Die Europäische Union bereitet sich darauf vor, der Ukraine grünes Licht zu geben, um noch vor Ende des Jahres formelle Gespräche über den Beitritt zu dem 27 Länder umfassenden Block aufzunehmen, wobei eine formelle Ankündigung im Dezember erwartet wird. Die EU hat Kiew im Juni den Status eines Beitrittskandidaten zuerkannt, und die Kommission wird einen „Fortschrittsbericht“ darüber vorlegen, inwieweit die Ukraine und andere Beitrittskandidaten die Beitrittsbedingungen der Union erfüllen.

Der mögliche Beitritt der Ukraine hat jedoch bei den deutschen Landwirten die Sorge geweckt, dass dieser Schritt die landwirtschaftlichen Familienbetriebe in ganz Europa zerstören könnte. Der Deutsche Bauernverband (DBV) warnte die Entscheidungsträger vor dem Versuch, die Gemeinsame Agrarpolitik (GAP) der EU in ihrer jetzigen Form im Hinblick auf den Beitritt auszulegen. DBV-Präsident Joachim Rukwied sagte, dass ein Beitritt der Ukraine als landwirtschaftliche Großmacht unter den derzeitigen Bedingungen das Modell der bäuerlichen Familienbetriebe auf dem Kontinent zerstören und zu einer Überschwemmung der europäischen Märkte mit Billigprodukten führen würde. Dies würde dazu führen, dass die EU 30 Prozent der weltweiten Getreideexporte kontrollieren würde, aber es könnte für die europäischen Landwirte eine Katastrophe bedeuten.

„Der Beitritt würde zum Untergang der bäuerlichen Familienbetriebe in Europa führen (Accession would lead to the demise of family farming in Europe)“, sagte er auf einer Pressekonferenz zur Zukunft der EU-GAP am 15. November. „Dies muss bei allen politischen Diskussionen im Hinterkopf bleiben. (This must remain in the background of all political discussions.)“ Rukwied verwies auch auf den großen Agrarsektor der Ukraine und die Tatsache, dass der durchschnittliche landwirtschaftliche Betrieb in diesem Land um ein Vielfaches größer ist als in der EU. Der Schritt würde den 386-Milliarden-Euro-Kuchen verkleinern und der Ukraine, in der die durchschnittliche landwirtschaftliche Fläche 1.000 Hektar beträgt, im Vergleich zu nur 16 Hektar in der Europäischen Union, einen beträchtlichen Betrag zukommen lassen. Als neuer Mitgliedstaat würde Kiew mehr aus dem Gemeinschaftshaushalt nehmen, als es für lange Zeit wieder einzahlen könnte. Der Beitritt würde zu einer drastischen Kürzung der Mittel für andere Mitgliedstaaten führen.

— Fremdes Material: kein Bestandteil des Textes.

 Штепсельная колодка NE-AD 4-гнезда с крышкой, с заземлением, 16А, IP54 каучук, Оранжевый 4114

Die landwirtschaftlichen Großmächte des Kontinents, Frankreich und Polen, hätten keine Chance, dieses „Spiel nach den geänderten Regeln“ zu gewinnen, aber auf mittlere und kleinere Erzeuger wie Bulgarien und Ungarn würden noch schlimmere Zeiten zukommen. Rukwied fügte hinzu, dass eine gemeinsame Agrarpolitik, die die Ukraine einbezieht, daher nicht praktikabel sei, es sei denn, sie ginge auf Kosten der derzeitigen EU-Mitgliedstaaten.

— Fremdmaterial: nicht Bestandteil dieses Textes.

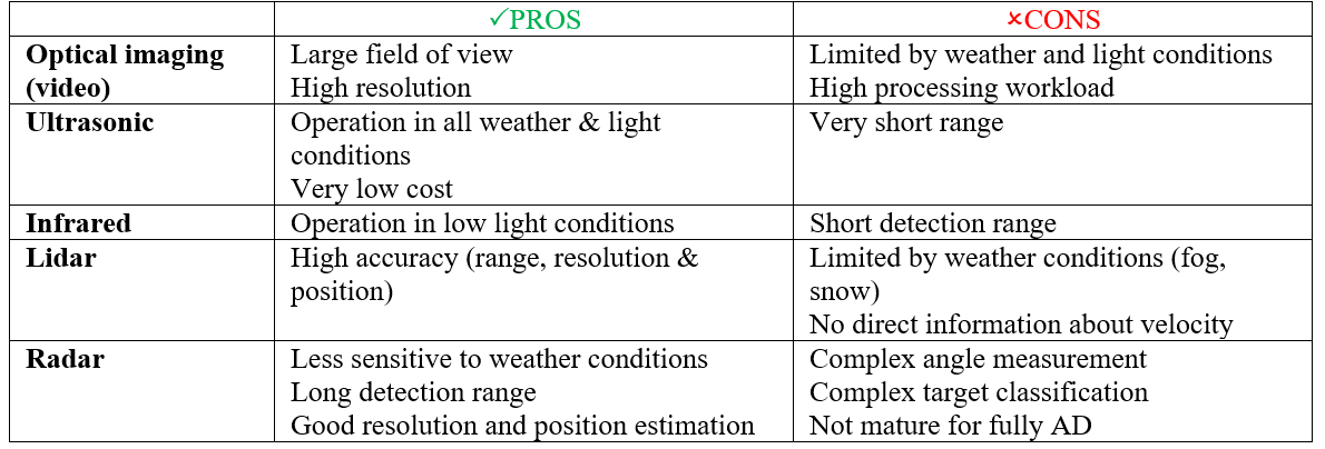 Full AD will most likely require the fusion of data obtained from different sensing technologies. With sensors distributed around the car, it will be possible to provide full 360˚ coverage, creating a safety “cocoon” around the car.

Der DBV-Präsident warnte auch davor, dass die Ukraine ein Land sei, „dessen Landwirtschaft weit unter unseren Standards produziert, z.B. beim Einsatz von Pestiziden (whose agriculture produces well below our standards, for example, in the use of pesticides)“ und daher in einem unfairen Wettbewerb mit den landwirtschaftlichen Betrieben in anderen Ländern des Kontinents stehe. Er zeigte sich auch verärgert darüber, dass das Jahr 2030 als mögliches Datum für den Beitritt des Landes genannt wurde, da dies den nächsten Finanzierungszyklus für die GAP, der 2028 beginnt und bis 2034 läuft und sich auf die derzeitige Europäische Union und nicht auf eine erweiterte Union stützt, völlig zunichte machen würde.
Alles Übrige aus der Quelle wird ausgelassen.